ホーム | 日系社会ニュース | JICA中部・三重県=ブラジル子弟教育に本腰=サンパウロ州教育局と力あわせ

JICA中部・三重県=ブラジル子弟教育に本腰=サンパウロ州教育局と力あわせ

ニッケイ新聞 2009年11月25日付け

 JICA中部と三重県は今年度から始まった「現職教員特別参加制度(青年海外協力隊及び日系社会青年ボランティア)」の事前調査と、同県が推し進める「多文化共生、帰国子女受け入れ」、さらに「同県への日本語教師の受け入れ」調査のため、関係者が昨月12日から20日まで滞伯した。
 一行は現職教員が派遣されている学校や州立校などを見学し、サンパウロ州教育局と協議をした。
 滞在期間中の17日、JICA中部・市民参加協力課の矢部優慈郎課長、JICAブラジル事務所サンパウロ支所の東万梨花ボランティア調査員、三重県生活・文化部国際室の楠木優室長、同県教育委員会事務局・小中学校教育室の黒川一秀指導主事、さらにサンパウロ州教育局の日野寛幸さんらが説明のため、本紙を訪れた。
 同県には現在、約5万3千人の外国人が登録され、そのうち2万人以上がブラジル人。鈴鹿市や四日市市など7市町村では特に外国人登録者が多く、生徒の5割以上が外国人という小学校も多い。
 黒川主事によれば「外国人がクラスに半分もいれば、授業は先生一人ではできない」と現状をこぼす。

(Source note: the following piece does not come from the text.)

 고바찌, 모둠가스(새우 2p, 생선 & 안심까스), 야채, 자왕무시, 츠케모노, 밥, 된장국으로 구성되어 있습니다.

 「日本の状況は悲惨。親が工場で働いている家庭では、(将来子どもが工場で働くなら)勉強しなくていい」と考えているという。
 黒川主事は「子ども達は、会話が出来るからといって学力がついたとは限らない。学力と会話の日本語は全く違う」と続け、将来の夢への実現に結び付けるには、学習言語の獲得が必要、と力を込める。

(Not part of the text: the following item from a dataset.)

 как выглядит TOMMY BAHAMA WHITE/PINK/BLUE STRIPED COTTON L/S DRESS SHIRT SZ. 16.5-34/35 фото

 初期の日本語や生活習慣を教える国際教室や、プレ・スクールは各市町村が独自に取り組んでいる。
 しかし、昨年からの経済不況で帰国した家族も含め、月謝の高いブラジル学校から公立校に転校してくる子ども達もおり、彼らの動きは把握されていないのが現状だ。
 また、楠木室長によると同県ではポ語でホームページを立ち上げたり、雇用の情報やフォークリフトや起業の手続きなど実用的な内容をアドバイスしたり、新型インフルエンザの情報などを流したりしているという。

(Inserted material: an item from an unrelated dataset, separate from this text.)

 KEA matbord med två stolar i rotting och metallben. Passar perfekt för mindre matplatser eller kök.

 一方、同県と姉妹都市提携をしているサンパウロ州も日系子弟の問題には協力姿勢を見せる。
 日野さんは「我々ブラジル人の子弟を預かってもらっている。是非力になりたい。日語しか話せない子どもなど、日伯双方で問題を解決するため、お互いにどのような学習をしているか、情報交換しながら作戦を考えていきたい」と意気込みを見せた。
 楠木室長は「やらざるを得ない。国を待っていたら後手後手になってしまう」と語り、矢部課長は「この制度を利用すれば語学も学ぶことができ、是非ポ語を覚えて帰って欲しい。教員自らも学ぶ機会」と話した。